Wilbur Smith – Farao. Vertaald uit het Engels (Pharaoh). ISBN 978-94-0160-604-2, 368 pagina’s, € 19,99. Amsterdam: Xander 2016.
Goden en mensen zijn nodig om een gestoorde farao te verstoten.
Farao Tamose ligt op sterven. Zijn trouwe adviseur Taita kijkt met smart toe. Ook aanwezig is Utteric, weliswaar een bastaard, maar toch zijn oudste zoon. Utteric’s ogen zien gretig toe hoe het ogenblik nadert dat hij zijn vader als Farao kan opvolgen. Als het zover is, wordt het Egyptische rijk ernstig bedreigd door invallen van vijandelijke stammen. Taita is loyaal aan de nieuwe farao en weet met behulp van enkele andere trouwe oudgedienden deze vijanden te verdrijven en onschadelijk te maken. Daarbij wordt een vermogen aan goud buit gemaakt. Ze keren terug naar Luxor waar Farao Utteric hen buitengewoon vijandig ontvangt. Hij blijkt paranoïde en vreest voor zijn troon. Bovendien is hij hebzuchtig en eist hij de gehele oorlogsbuit op. Taita en zijn medestrijders vluchten samen met Ramses, de tweede zoon van de overleden Farao Tamose. Ze varen naar Griekenland en besluiten alles in het werk te stellen de hardvochtige en geestelijk gestoorde Utteric van de troon te stoten. Ramses moet Farao worden.

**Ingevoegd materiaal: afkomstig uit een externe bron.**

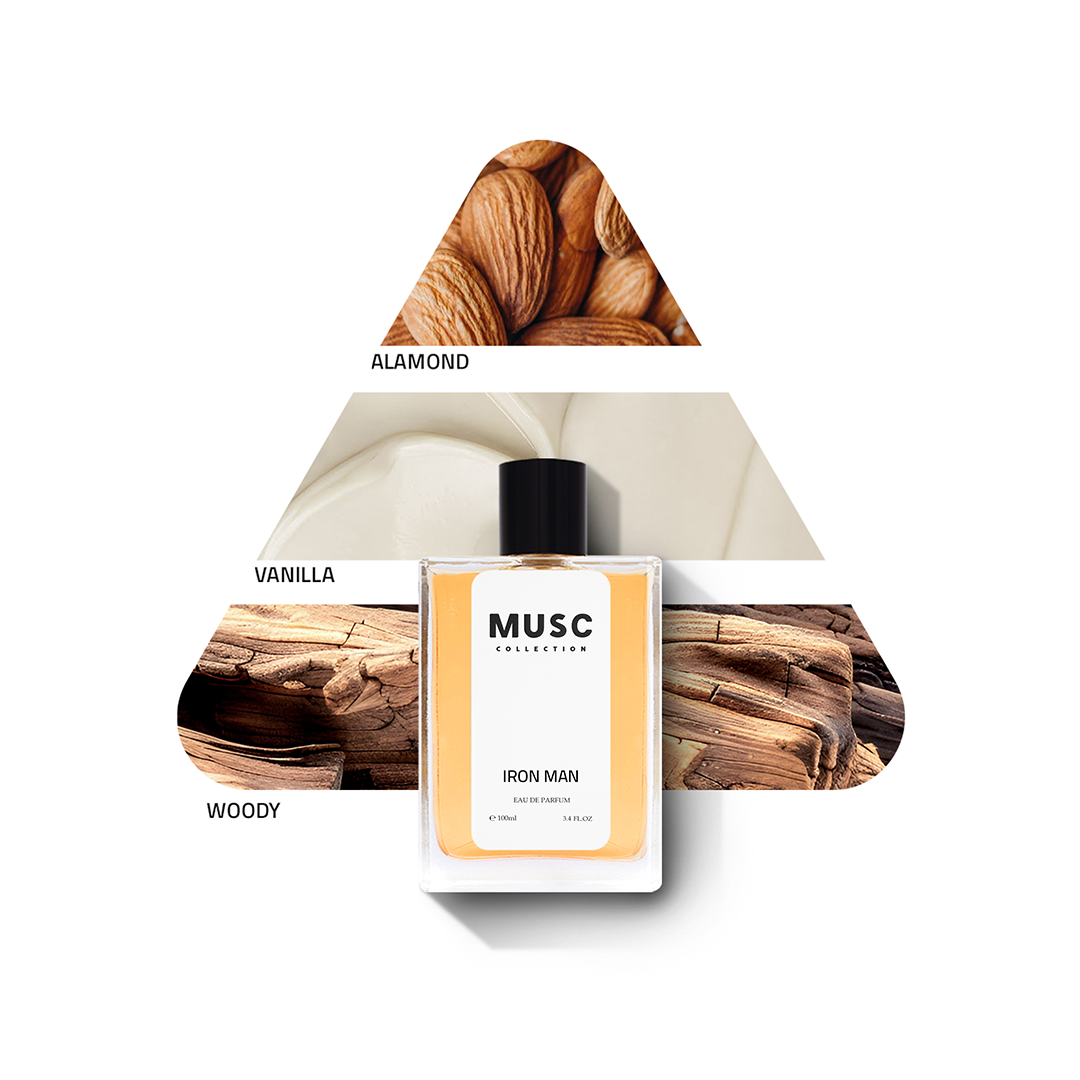 Make a statement with Iron Man Musc Perfume, a sophisticated oriental fougere for men. Inspired by strength and modern elegance, it opens with heliotrope, cumin, and bergamot, flowing into a rich heart of bitter almond, lavender, and jasmine. The warm, enduring base of vanilla, sandalwood, and amber leaves a refined, masculine trail.

Wilbur Smith (1933) heeft al 33 bestsellers op zijn naam staan sinds de succesvolle publicatie van zijn eerste roman Het goud van Natal. Zijn romans spelen zich vooral af in Egypte en Afrika, waar hij zelf lange tijd heeft gewoond.

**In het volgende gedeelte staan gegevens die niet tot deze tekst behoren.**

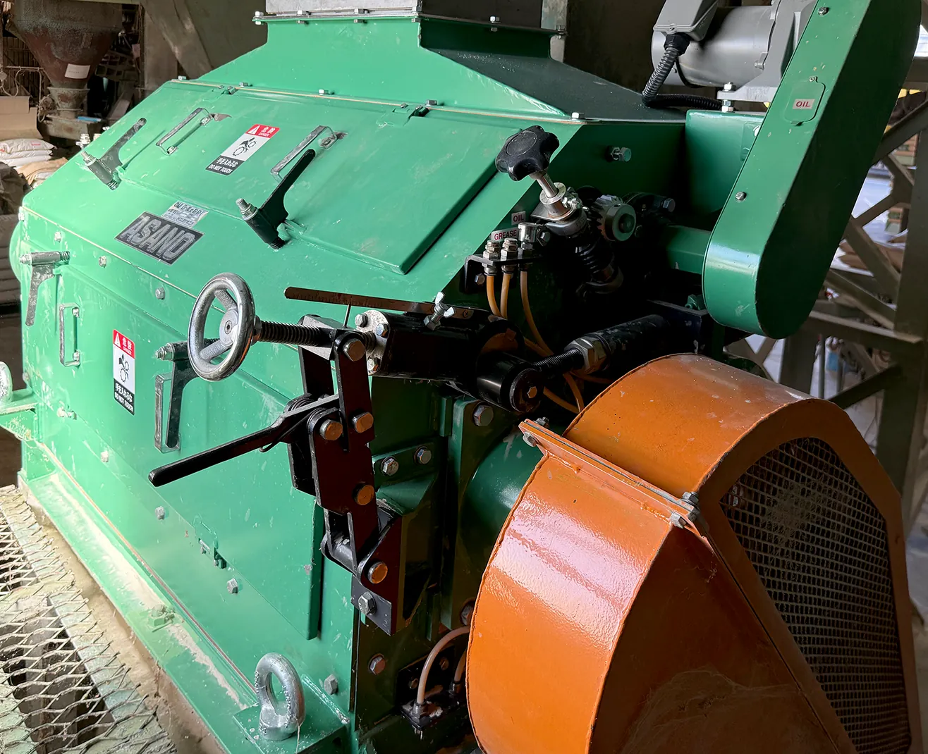 浅野鐵工所の製品を50年以上前から導入しています。ここでは養鶏で使用する飼料を製造しており、メイズ(トウモロコシ)などの原料を粉砕し、副原料を混ぜて製造しています。当工場では、「ST103型 ロータリーシフター」でふるい、「RM-50型 ロール粉砕機」で粉砕し、「VR型 リップルセパレーター」で異物を取り除くチェックぶるいを行っており、飼料製品の製造には欠かせません。ロール粉砕機は2022年に機械を更新しましたが、ロータリーシフターとリップルセパレーターは50年以上現役で活躍しており、機械そのものは丈夫で故障がありません。網の交換や本体支持部分などに不具合が発生した時には、連絡するとすぐに専属の職人さんが来てくれ、現地で溶接したり修理してくださるので、アフターケアが完璧です。いかなるトラブルも解決してくださる安心感があります。粉砕機のロールを年に一回目立てし直して下さったり、ふるい網も以前は木枠でしたが、摩耗防止のため、改造していただいたり、メンテナンスが素晴らしく満足しています。私たちの工場には、なくてはならない機械達です。
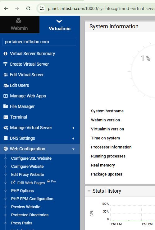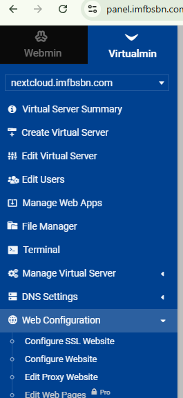 Head back over into Virtualmin.
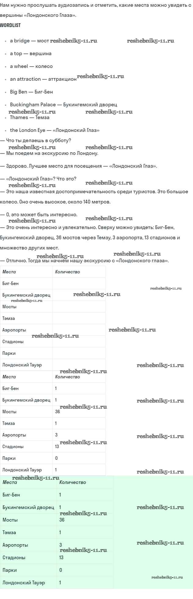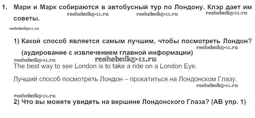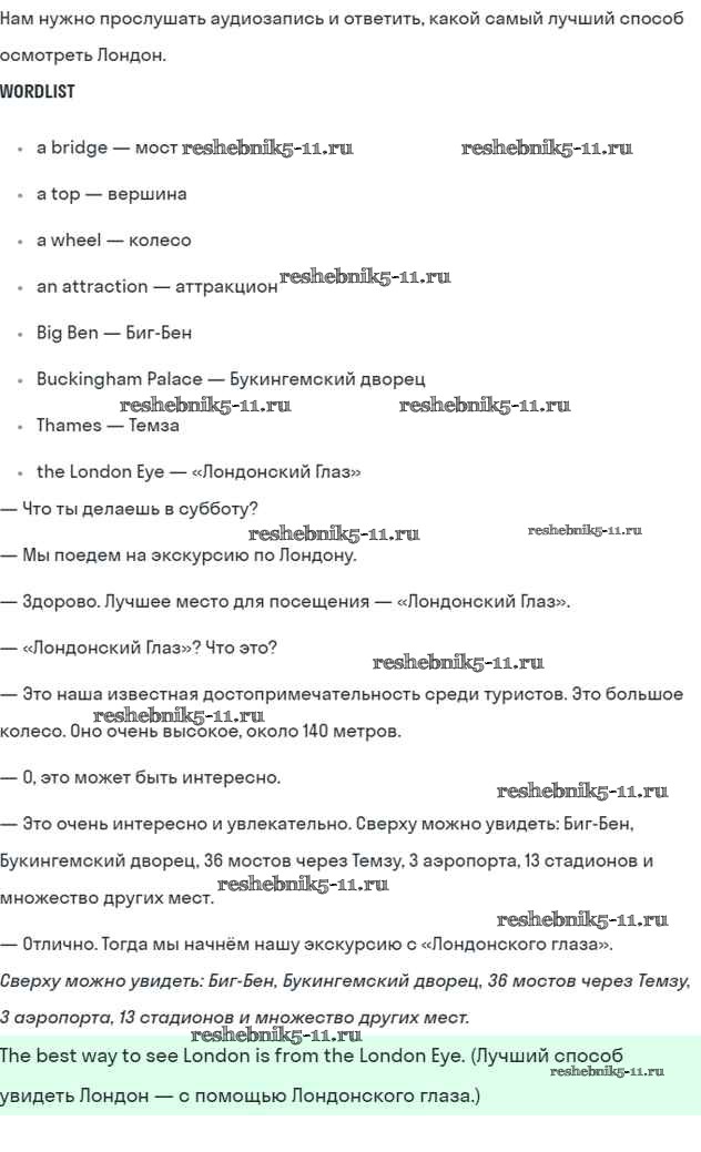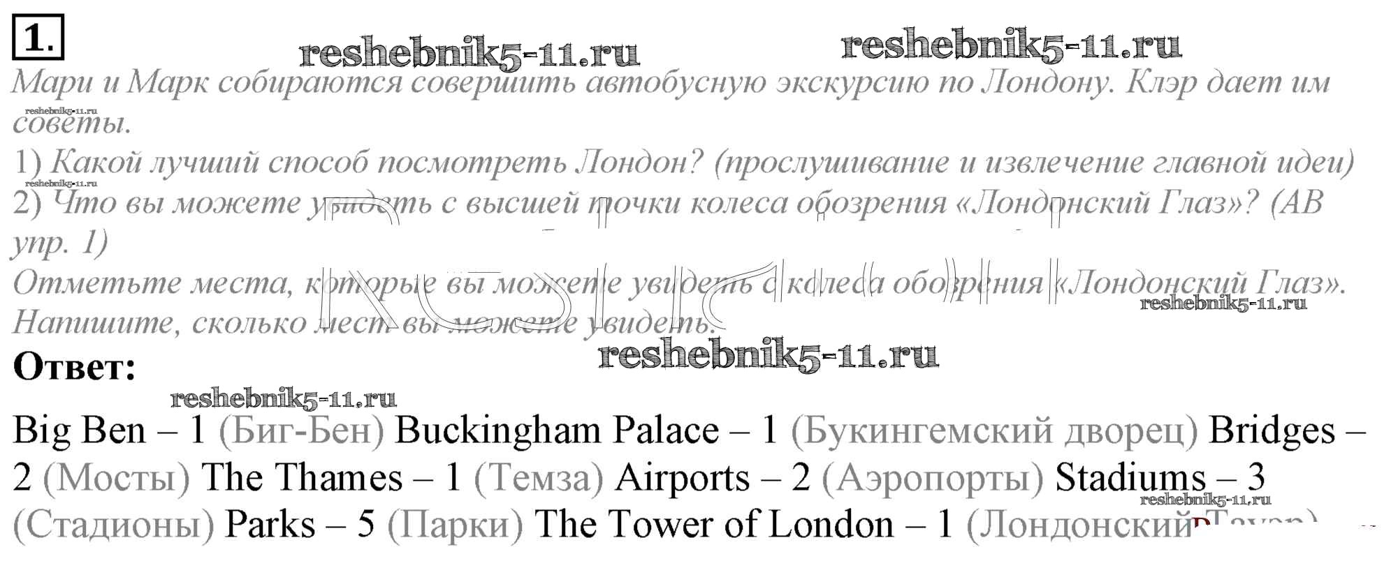 Готовая домашняя работа с ответами по Английскому языку за 5 класс Кузовлев, Лапа, Костина, Дуванова, Кузнецова Учебник УМК Просвещение 2015 ФГОС - Lesson 2. A tour of London 1
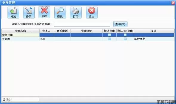 在系统设置模块中点击“仓库设置”按钮打开仓库设置窗口如图所示。在窗口中可以看到所有的仓库。点击“增加”按钮打开增加仓库窗口,输入仓库的信息,仓库名称不能重复。

Dit boek is het verslag van de strijd om de Egyptische troon en de romantische liefdesverhouding tussen Ramses en de beeldschone Serrena. Zij wordt door krijgsheren van farao Utteric gekidnapt. Terwijl deze niet alleen fraaie, maar ook uiterst vechtlustige dame in een concentratiekamp avant la lettre wordt vernederd, gemolesteerd en kaal geschoren, beramen Taita en zijn makkers een plan om Serrena te bevrijden. Als door trucs, intriges en een forse dosis goddelijk geluk het concentratiekamp wordt ingenomen, kan de strijd eerst goed losbarsten.
Daarbij passeren niet alleen de nodige veld- en zeeslagen, maar ook moeten Taita, Ramses en Serrena de strijd aanbinden met een mismaakte godenzoon. Deze heeft een vierwielige strijdwagen met de afmetingen van een hedendaagse tank. De wagen wordt voortgetrokken door eenhoorns zo groot als olifanten. Dit gedrocht, onkwetsbaar voor pijlen en speren, is de belangrijkste verdediger van Utteric en vooralsnog onverslaanbaar. Gelukkig heeft Taita contacten met andere goden die hem gunstig gezind zijn. Terwijl Serrena zich als afleidingsmanoeuvre aan het afzichtelijke monster naakt aanbiedt, zal Ramses proberen het met een toverpijl te raken. Daarna moet echter de waanzinnige Farao Utteric nog worden verdreven.
In deze Egyptische avonturenroman bevindt men zich in een antieke wereld waarin mensen en goden elkaar ontmoeten, terwijl het goede het altijd wint van het kwade.
Een mooi boek voor wie graag wegdroomt in een voorbije wereld.